The third is obviously silly: if investors “are sophisticated enough to recall” the causes of the Great Depression, one must assume that they’re sophisticated enough to know when the next presidential election is scheduled to take place. The rescue of Bear and of AIG can’t have caused a breakdown in trust in the government’s ability to prevent systemic meltdown, since even if they weren’t elegant, they did what they were designed to do, which was to prevent the collapse of the companies in question. So that really leaves just Lehman. But no, says Jenkins, it’s not really Lehman:

Investors in the global panic were responding not to the exposure of subprime losses, or even the failure of Lehman Brothers, but to what we might call a sudden, sharp explosion of uncertainty about what government might do and what principles or expectations might guide its actions amid the crisis.

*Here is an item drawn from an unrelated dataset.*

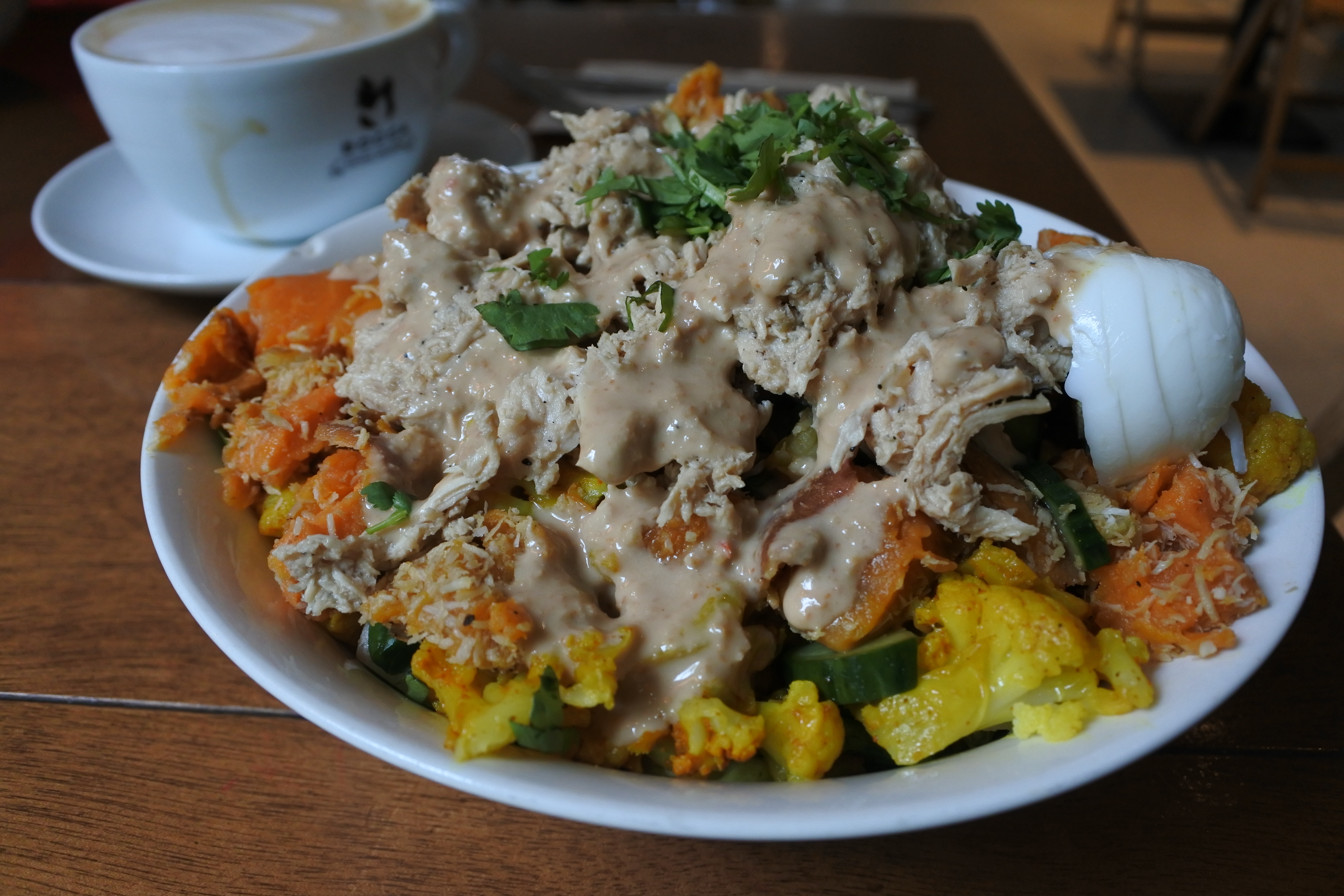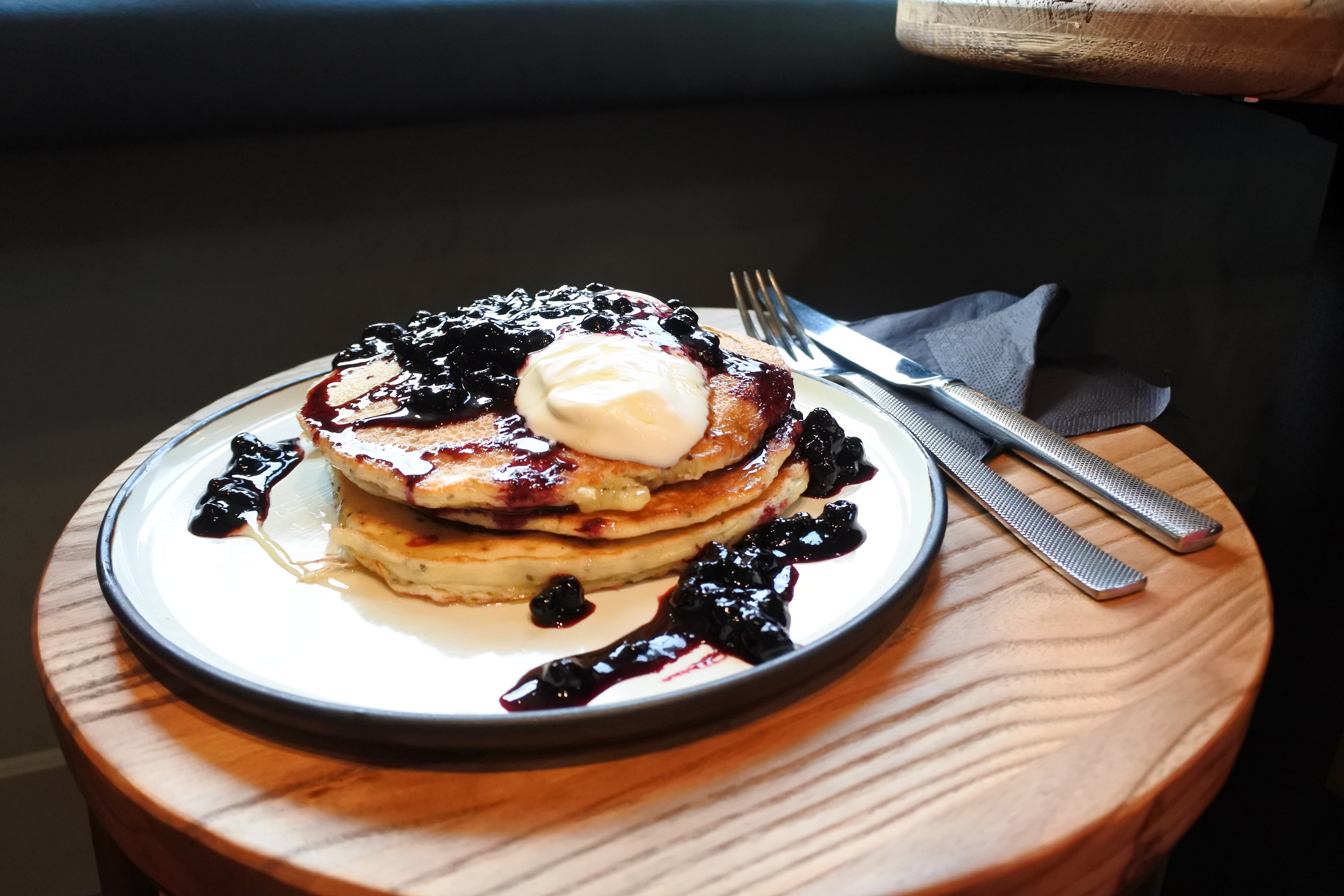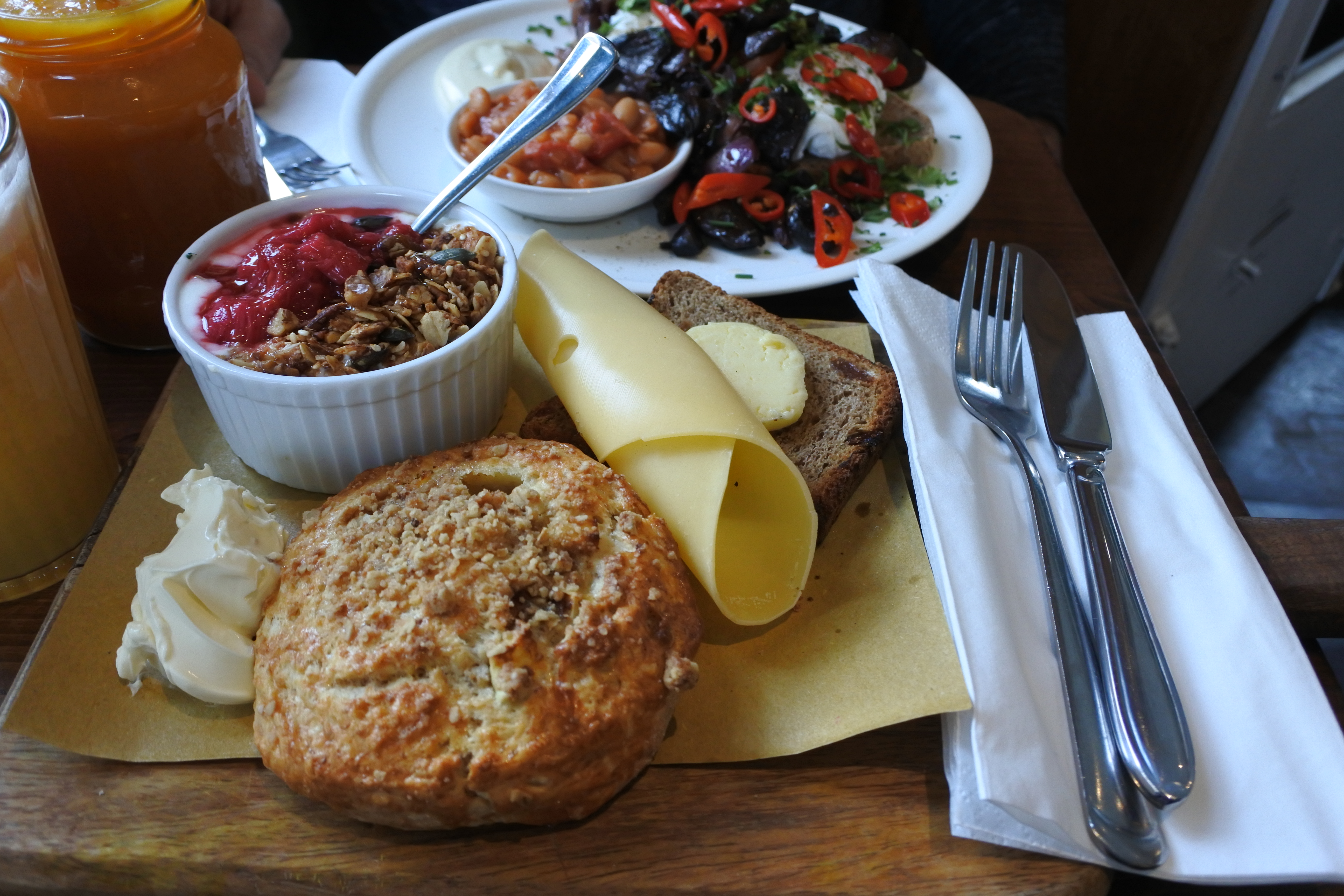 Robin had een cappuccino, een grapefruitsap met gember en lime en de Sweet Cottage Breakfast, bestaande uit een scone, clotted cream, een plak Hartog rozijnenbrood met boter en kaas, huisgemaakte jam en een kleine yoghurt met peer, zwarte bessen en granola. Er waren 2 scones om uit te kiezen: naturel en scone van de dag: apple crumble, Robin koos voor de apple crumble. Er werden ook 2 jams erbij geserveerd, zijn favoriete jam was pompoen, kardemom en sinaasappel; die was verrukkelijk met de scone en clotted cream.

This seems to assume that investors pre-crisis did have certainty about what the government might do in a crisis. I just don’t buy it. Does Jenkins have any empirical or anecdotal evidence that there was “a sudden, sharp explosion of uncertainty about what government might do” right around the time of the stock-market crash, and that said explosion of uncertainty was the proximate cause of the crash? Of course not, because the range of possible government responses to the crash was never particularly great. For all his overblown rhetoric, Jenkins fails to identify a single government decision as being particularly contrary to what market participants generally expected the US government to do in times of crisis. Looking back today, the closest that we came to that happening was when the House Republicans briefly derailed the bailout act at the end of September — but it didn’t take long for them to get back in line.

Jenkins ends with a series of standard-issue right talking points. Government interference in private industry is a Bad Thing, he says, and we’re doomed to suffer the consequences of “endless acts of industrial favoritism from Obamanomics”. But seeing as how he can’t even seem to get the past right, I can’t really take seriously his predictions about the future.

7 comments

Comments are closed.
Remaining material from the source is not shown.